■ Activity: Find the line that contains "Knockouts are provided" in the records below, then repeat exactly that line and each one after it, leaving pictures out.

Extracted records
-- Opening Marker --

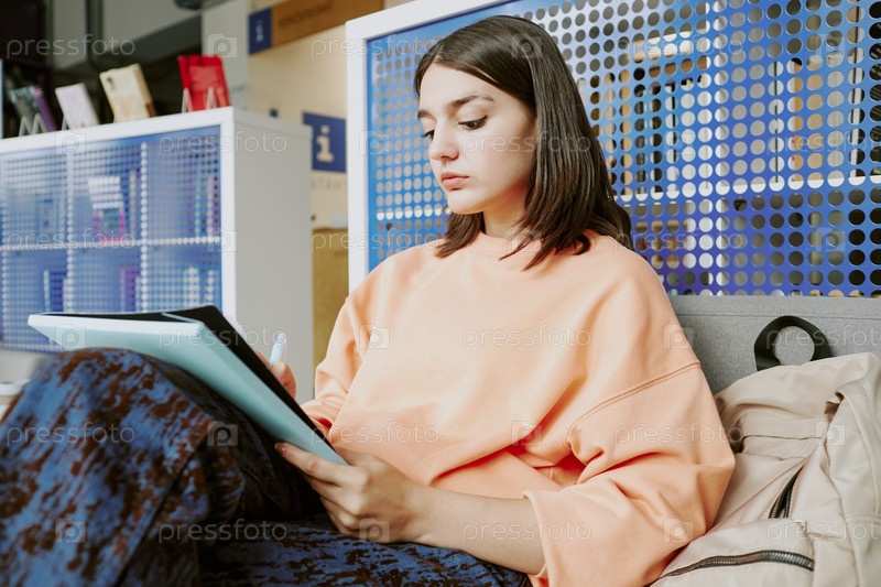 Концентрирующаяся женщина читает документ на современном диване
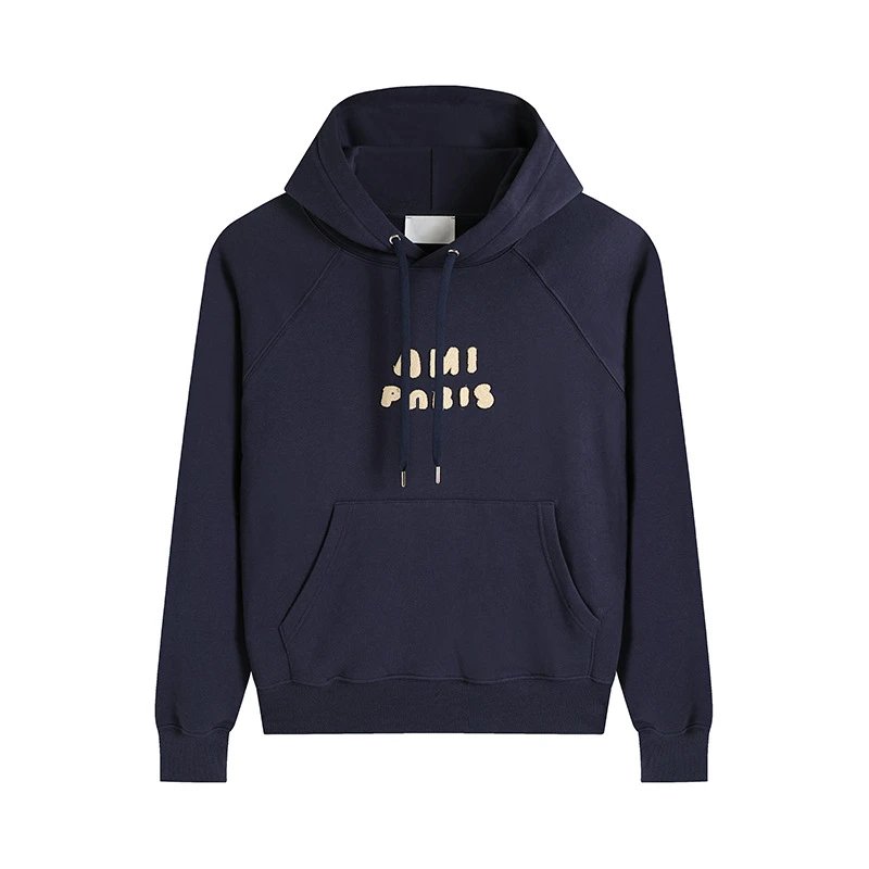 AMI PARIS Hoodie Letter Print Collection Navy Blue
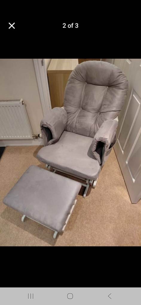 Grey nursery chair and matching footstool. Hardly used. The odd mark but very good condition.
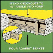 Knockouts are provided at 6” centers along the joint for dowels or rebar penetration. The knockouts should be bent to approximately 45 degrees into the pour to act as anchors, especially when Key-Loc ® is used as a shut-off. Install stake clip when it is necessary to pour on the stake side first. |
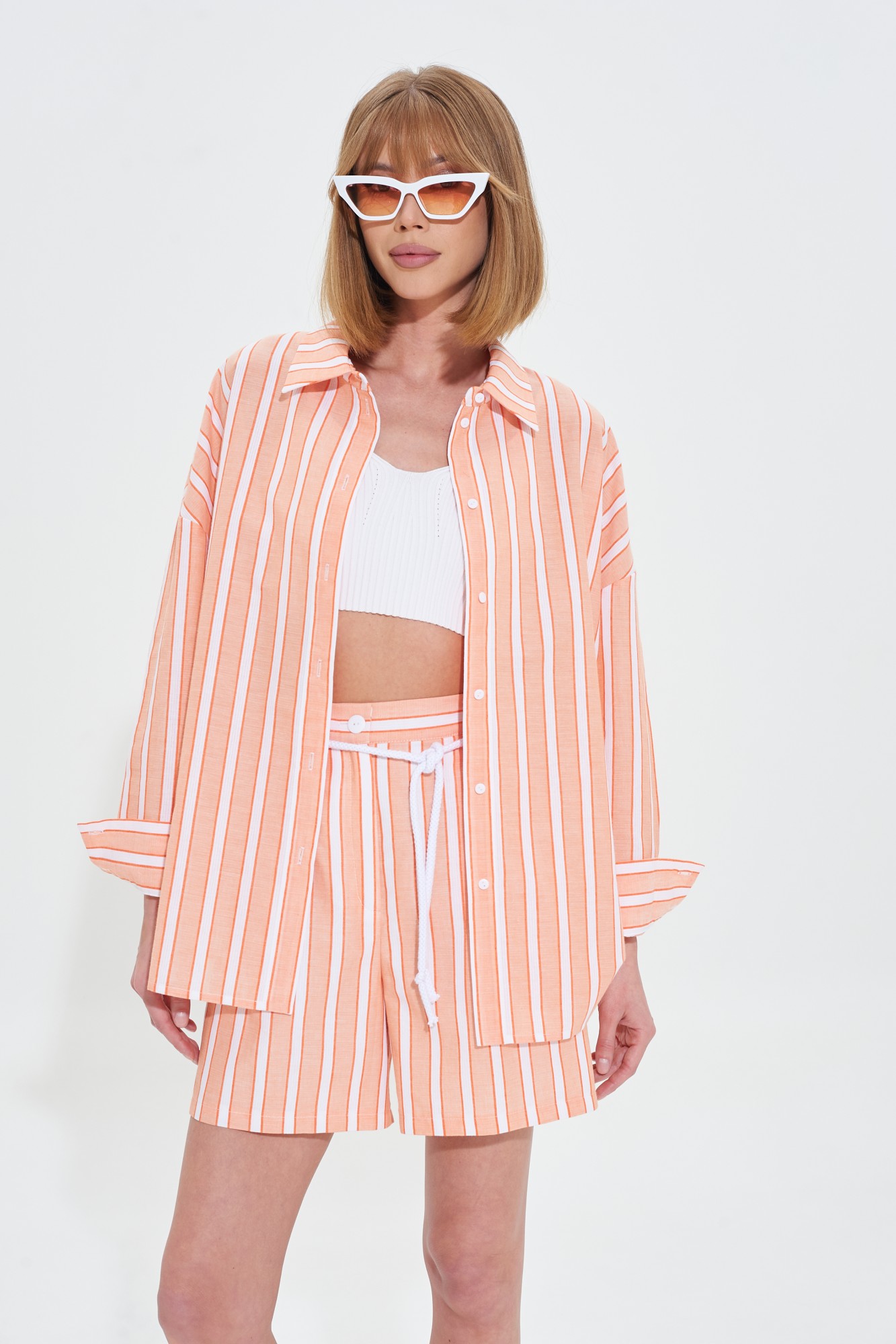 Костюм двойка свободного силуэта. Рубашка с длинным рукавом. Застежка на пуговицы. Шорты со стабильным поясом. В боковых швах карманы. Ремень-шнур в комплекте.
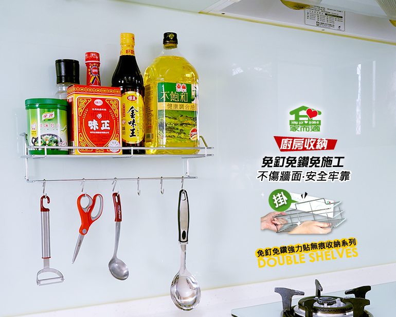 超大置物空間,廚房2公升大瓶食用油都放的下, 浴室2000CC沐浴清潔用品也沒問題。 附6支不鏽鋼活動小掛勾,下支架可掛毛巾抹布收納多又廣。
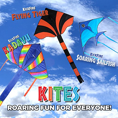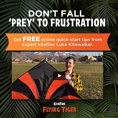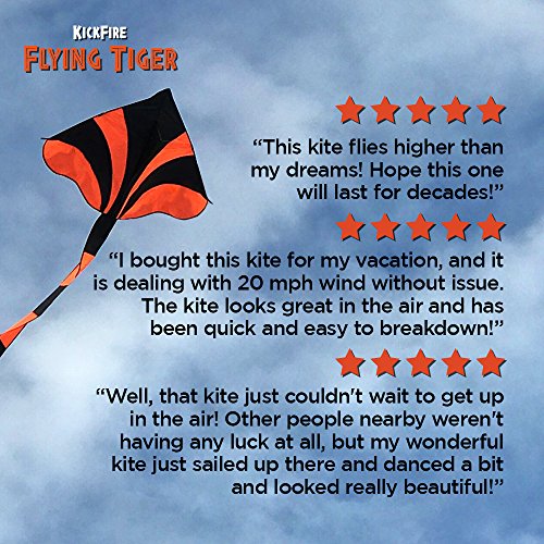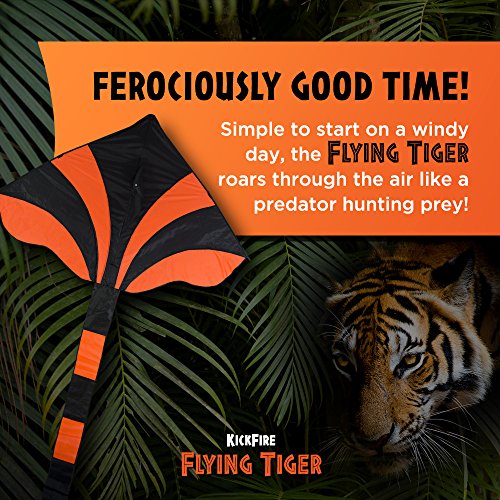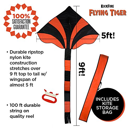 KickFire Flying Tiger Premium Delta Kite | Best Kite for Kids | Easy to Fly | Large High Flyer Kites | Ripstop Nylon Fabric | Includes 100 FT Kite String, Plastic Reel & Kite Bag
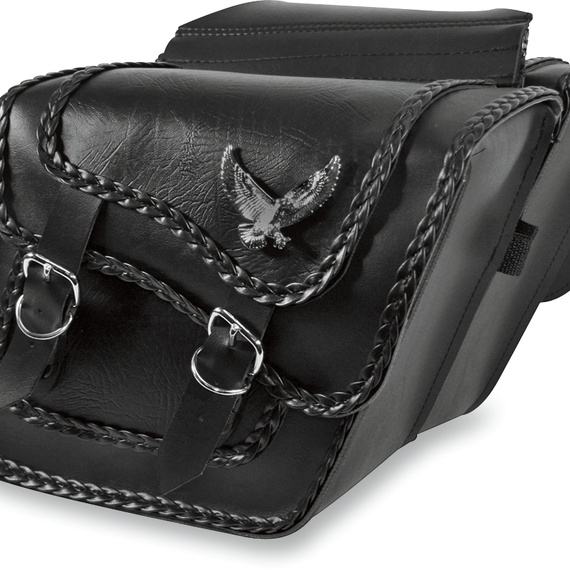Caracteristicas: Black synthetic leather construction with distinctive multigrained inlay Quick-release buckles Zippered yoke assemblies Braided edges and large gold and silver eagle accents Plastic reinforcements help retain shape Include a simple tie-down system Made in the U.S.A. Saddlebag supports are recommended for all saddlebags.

-- Closing Marker --

■ Answer to the problem:
 Knockouts are provided at 6” centers along the joint for dowels or rebar penetration. The knockouts should be bent to approximately 45 degrees into the pour to act as anchors, especially when Key-Loc ® is used as a shut-off. Install stake clip when it is necessary to pour on the stake side first. |
 Костюм двойка свободного силуэта. Рубашка с длинным рукавом. Застежка на пуговицы. Шорты со стабильным поясом. В боковых швах карманы. Ремень-шнур в комплекте.
 超大置物空間,廚房2公升大瓶食用油都放的下, 浴室2000CC沐浴清潔用品也沒問題。 附6支不鏽鋼活動小掛勾,下支架可掛毛巾抹布收納多又廣。
 KickFire Flying Tiger Premium Delta Kite | Best Kite for Kids | Easy to Fly | Large High Flyer Kites | Ripstop Nylon Fabric | Includes 100 FT Kite String, Plastic Reel & Kite Bag
Caracteristicas: Black synthetic leather construction with distinctive multigrained inlay Quick-release buckles Zippered yoke assemblies Braided edges and large gold and silver eagle accents Plastic reinforcements help retain shape Include a simple tie-down system Made in the U.S.A. Saddlebag supports are recommended for all saddlebags.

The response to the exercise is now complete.